White et al. (8, 9) reported that the FGF23R176Q mutant
becomes resistant to the protein processing in the secretion machinery.
It was also true for the C-His-FGF23, which is partially secreted as a
32-kDa protein to the conditioned media. On the other hand,
N-FLAG-tagged hFGF23 was mostly secreted as a 20-kDa degraded form
(Fig. 2C). In our study, the C-FLAG-hFGF23 was partly
secreted as a 32-kDa form and had a hypophosphatemic activity (data not
shown). According to these results, hFGF23 looses the hypophosphatemic
activity when cleaved at a position between Arg-176 and Arg-179. Tumors
isolated from patients with OHO overexpressed native hFGF23 but not the
mutant form. Inoculation of the extracted tumor into nude mice induced
hypophosphatemic rickets-like phenotype (21). These observations
indicate FGF23 in the OHO tumor cells is not fully cleaved somehow
during the secretory process. It is unlikely that an excess amount of
hFGF23 overwhelms abundant intracellular subtilisin-like protein
convertases, thus, it remains possible that one or more other factors
expressed in the tumor cell inhibit FGF23 degradation.

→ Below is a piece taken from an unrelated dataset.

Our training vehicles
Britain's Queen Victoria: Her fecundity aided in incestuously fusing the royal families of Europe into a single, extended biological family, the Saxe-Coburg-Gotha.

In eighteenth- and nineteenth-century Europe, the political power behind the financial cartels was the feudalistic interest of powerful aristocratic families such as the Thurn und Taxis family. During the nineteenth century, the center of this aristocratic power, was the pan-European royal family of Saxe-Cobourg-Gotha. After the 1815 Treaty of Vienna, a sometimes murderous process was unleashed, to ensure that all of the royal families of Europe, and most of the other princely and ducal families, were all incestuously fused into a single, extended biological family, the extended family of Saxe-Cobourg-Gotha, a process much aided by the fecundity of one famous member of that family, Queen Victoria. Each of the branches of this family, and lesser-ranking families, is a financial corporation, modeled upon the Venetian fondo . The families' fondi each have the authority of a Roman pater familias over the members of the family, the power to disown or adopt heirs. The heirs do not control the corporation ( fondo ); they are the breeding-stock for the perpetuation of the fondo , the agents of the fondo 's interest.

The hFGF23R179Q mutant suppressed the Na/Pi co-transport
activity both in the kidney and in the small intestine in
vivo. The hFGF23R179Q lost its ability to reduce serum
phosphorus when the proximal tubules in the kidney were impaired by
adenine administration, suggesting that the hFGF23R179Q-induced
hypophosphatemia occurs mainly through inhibition of the phosphate
reabsorption in the proximal tubules, and thus, the renal
Na/Pi co-transport activity seems more important for the
overall Pi homeostasis in vivo.
Dietary Pi, vitamin D, and parathyroid hormone are three
major physiological regulators of phosphate homeostasis. In particular, parathyroid hormone (PTH) induces phosphaturia by inhibiting the Na/Pi co-transport activity in kidney.

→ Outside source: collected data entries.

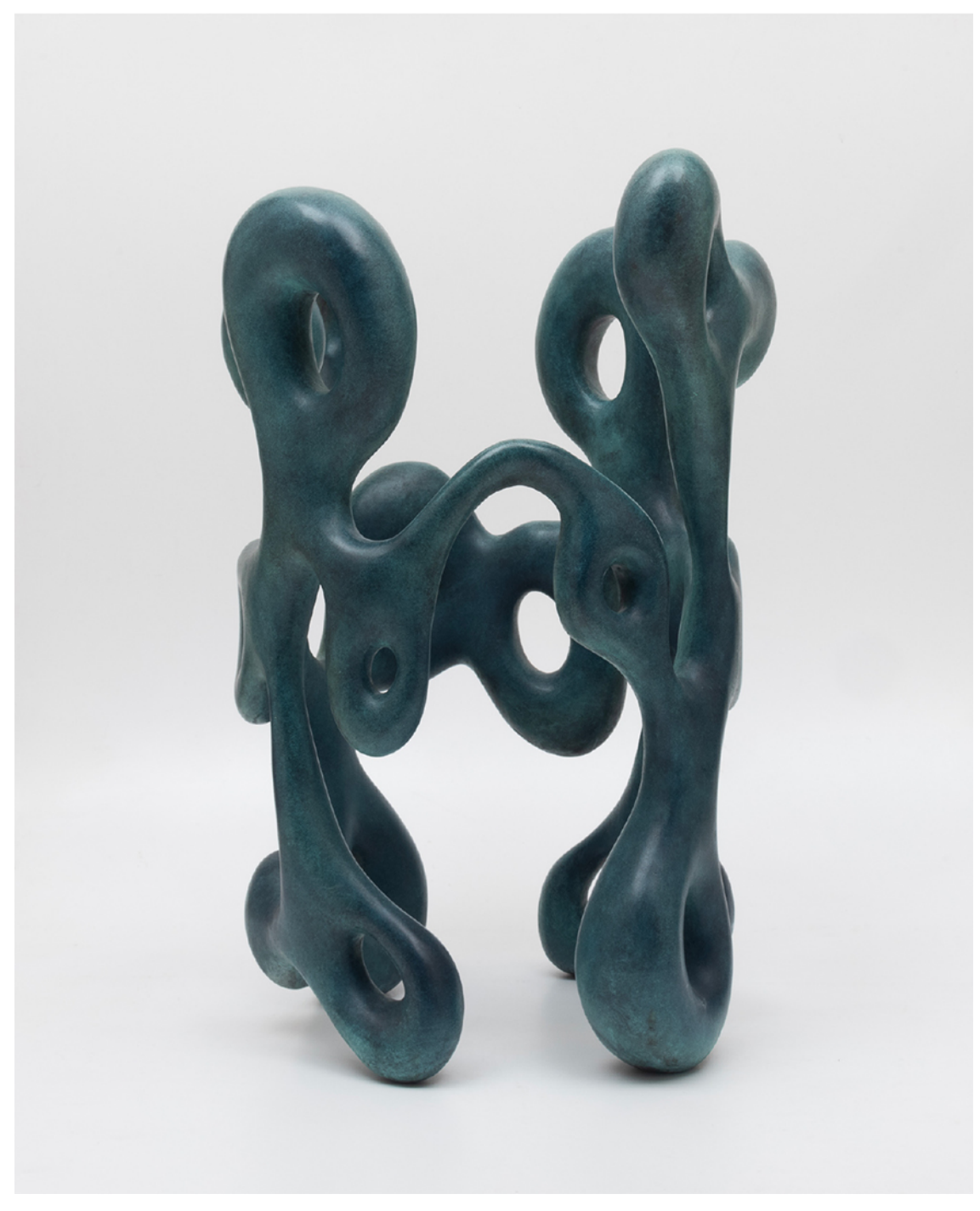
© Roberto Vivo. The Human Tribe Totem. Bronze Sculpture, 77 X 95 inches.

Coral Gallery's presentation of Roberto Vivo at the LA Art Show 2025 offers visitors an opportunity to engage with contemporary Latin American sculpture that addresses themes of human connection and global understanding.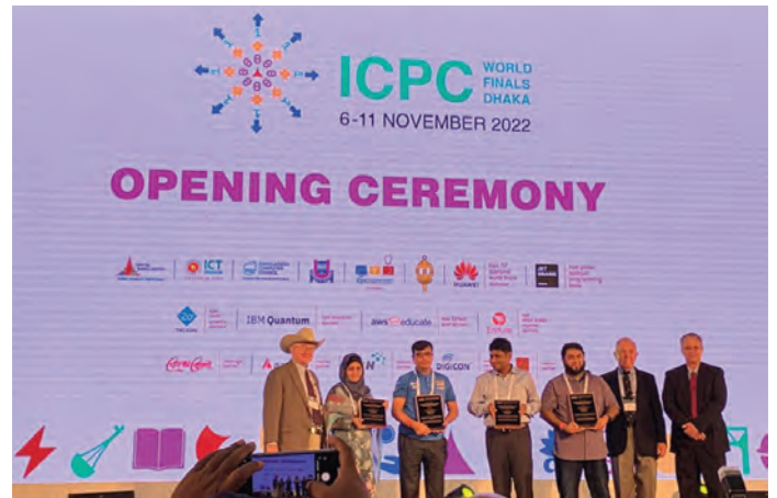
UAP CSE Faculty Receives ICPC Foundation Outstanding International Contribution Award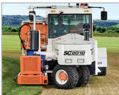
170 degree steering axle

Thyroparathyroidectomy leads to a moderate hyperphosphatemia with an
increase in the Na/Pi co-transport activity. Whereas, the
human FGF23 mRNA was expressed relatively highly in the
thyroid/parathyroid tissue determined by RT-PCR, it is plausible that
hFGF23 works as an autocrine/paracrine factor in the
thyroid/parathyroid, and regulates hormone secretion such as PTH,
thyroid hormone, and calcitonin. Our study indicates that hFGF23R179Q
can act as a systemic factor, by normalizing serum phosphorus without
changing serum calcium. Moreover, the hFGF23R179Q-naked DNA injection
did not affect serum PTH (Table II). Therefore, the mechanism of the
FGF23 action in regulating phosphate homeostasis is independent of PTH,
thyroid hormone, and calcitonin.
The naked DNA injection was successfully applied to evaluate the
in vivo biological activity of the FGF23, because the FGF23 was a secreted protein and required only small amount to influence phosphate metabolism. This technique may be applied to other humoral factors such as peptide hormones and cytokines (22-24). This naked DNA
technique can exclude the risk of phenotypic abnormalities during
development, which frequently occurred in the transgenic mice (25-27).
hFGF23R179Q expression plasmid-injected animals remain hypophosphatemic
for more than 2 weeks. Thus, a small amount of FGF23 protein is
sufficient to induce hypophosphatemia in rodents. This technique would
also make further in vivo studies possible with regard to
investigating the relationship between FGF23 and PHEX
(phosphate-regulating gene with homologies to endopeptidases on the X
chromosome) and/or between FGF23 and FGF receptors. Both identifying
the true target organs/cells and clarification of the detailed action
of FGF23 will give us new insights in understanding phosphate
homeostasis, and it will lead to the development of novel diagnostic or
therapeutic reagents for diseases accompanying abnormal phosphate homeostasis.